ウィリアムの言葉に3人は頷くとソファに掛けてその時を待った。


『入るよ。』

執務室の扉をノックもせず入室するはハインリッヒ殿下しかいない。


一同はハインリッヒを見るもそれどころではない為すぐに視線を戻すとハインリッヒの後ろからアミュレット王国シンシアが入ってきたのだ。エレノアは立ち上がるとまずハインリッヒに


『これは殿下、ご迷惑を…』

エレノアの言葉を遮るように


『義姉上、何か勘違いをされているよ?シンシアは私が呼んだのだからね。』


…???

『兄上、私はシンシアと結婚しアミュレットに婿入りするよ。』

!!!


ウィリアムは驚き目を見開く。


『父上には既に認めてもらっている。これからシンシアを連れて挨拶に行ってくるから。』


…まぢで?ってかどうなってんだよ。

テオドールは主の顔を見るもウィリアムも固まっている。もちろんいきなりの婚約、それもアミュレット王国の統率者になろうとしているハインリッヒに驚きを隠せないのもある。が、しかしヴェルヘルトに於いて次なる後継者をハインリッヒが担う事になるのは身内の中では周知されていること。

ウィリアムは慎重に言葉を選んで口を開いた。


『そうか、まずはおめでとうだね?シンシア殿も遠くからご苦労であった…』

表情すら王子様スマイルではあるがウィリアムの頭は混乱している。

それはそのはず。いきなり我が嫁に対する好意を直にぶつけてきた弟がその姉上と結婚すると言う。ウィリアムはハインリッヒの顔を伺うがハインリッヒは相変わらずのポーカーフェイスである。

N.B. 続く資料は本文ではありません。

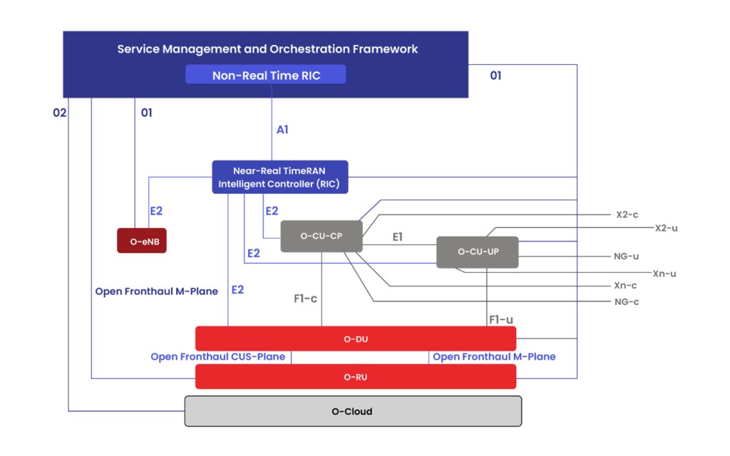 According to O-RAN Alliance, the Open RAN architecture as shown in Figure 2, comprises the following key components and interfaces.

『何をそんなに皆は重い空気を出してるの?おめでたい事なんだけどな』

ハインリッヒの言葉にテオドールは


『おめでとうございます…』

立ち上がり最上級の礼を取った。


『テオ、お前は出来る男だね。ありがとう』


ハインリッヒはそう言うとシンシアを連れて執務室を後にした。